* [WHAT TO PRODUCE]:
The expected output is the data below, character for character, without its pictures.

* [GIVEN MATERIAL]:
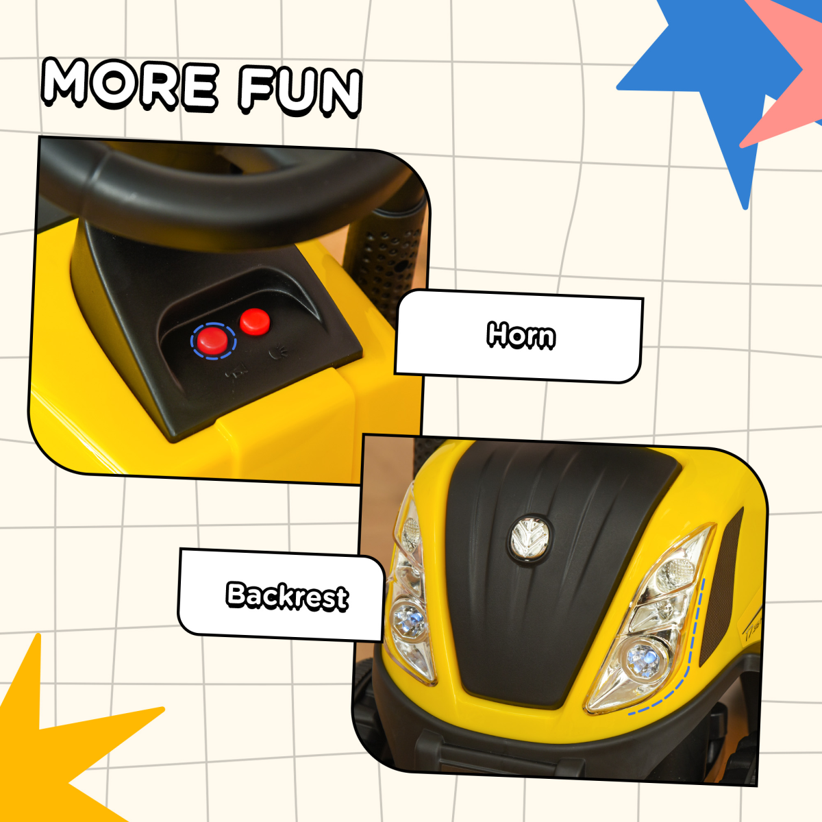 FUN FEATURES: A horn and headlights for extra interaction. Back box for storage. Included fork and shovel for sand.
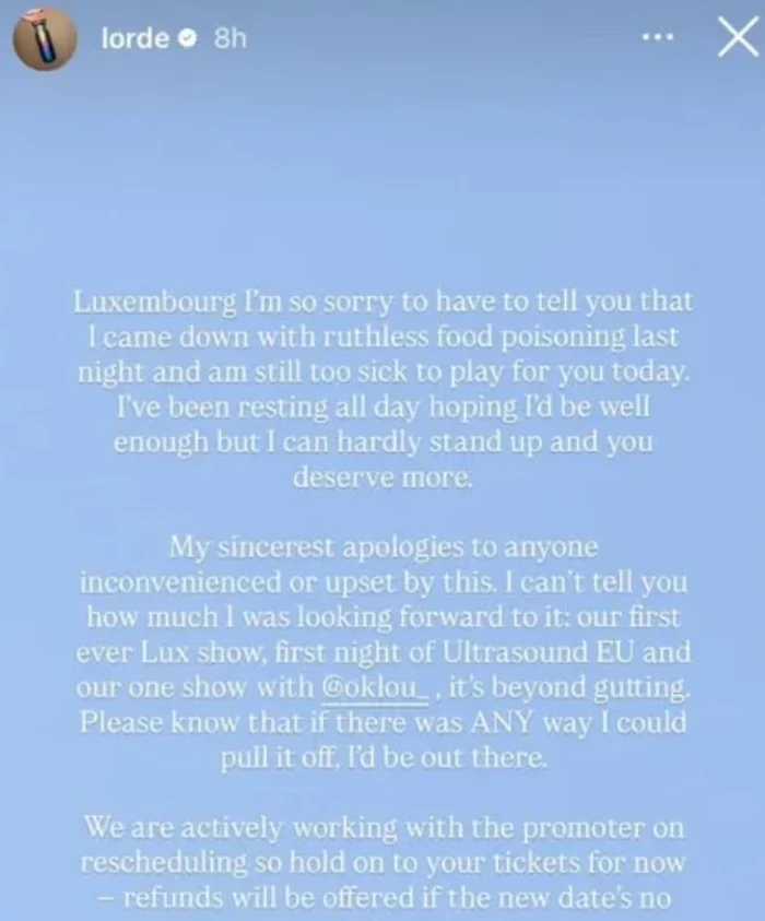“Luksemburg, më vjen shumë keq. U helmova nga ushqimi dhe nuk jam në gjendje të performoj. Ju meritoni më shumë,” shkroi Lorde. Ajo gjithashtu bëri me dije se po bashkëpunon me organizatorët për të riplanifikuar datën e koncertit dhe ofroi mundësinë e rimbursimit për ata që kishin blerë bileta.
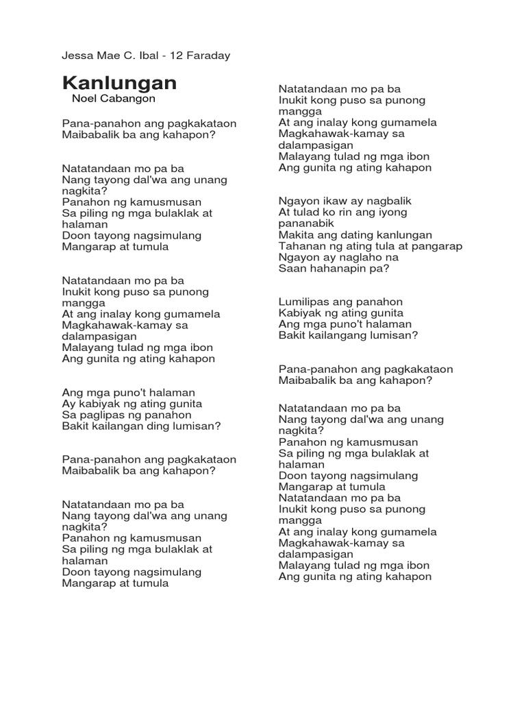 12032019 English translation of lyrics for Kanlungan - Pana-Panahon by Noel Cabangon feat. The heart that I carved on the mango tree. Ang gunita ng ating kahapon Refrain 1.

* [TASK OUTPUT]:
 FUN FEATURES: A horn and headlights for extra interaction. Back box for storage. Included fork and shovel for sand.
“Luksemburg, më vjen shumë keq. U helmova nga ushqimi dhe nuk jam në gjendje të performoj. Ju meritoni më shumë,” shkroi Lorde. Ajo gjithashtu bëri me dije se po bashkëpunon me organizatorët për të riplanifikuar datën e koncertit dhe ofroi mundësinë e rimbursimit për ata që kishin blerë bileta.
 12032019 English translation of lyrics for Kanlungan - Pana-Panahon by Noel Cabangon feat. The heart that I carved on the mango tree. Ang gunita ng ating kahapon Refrain 1.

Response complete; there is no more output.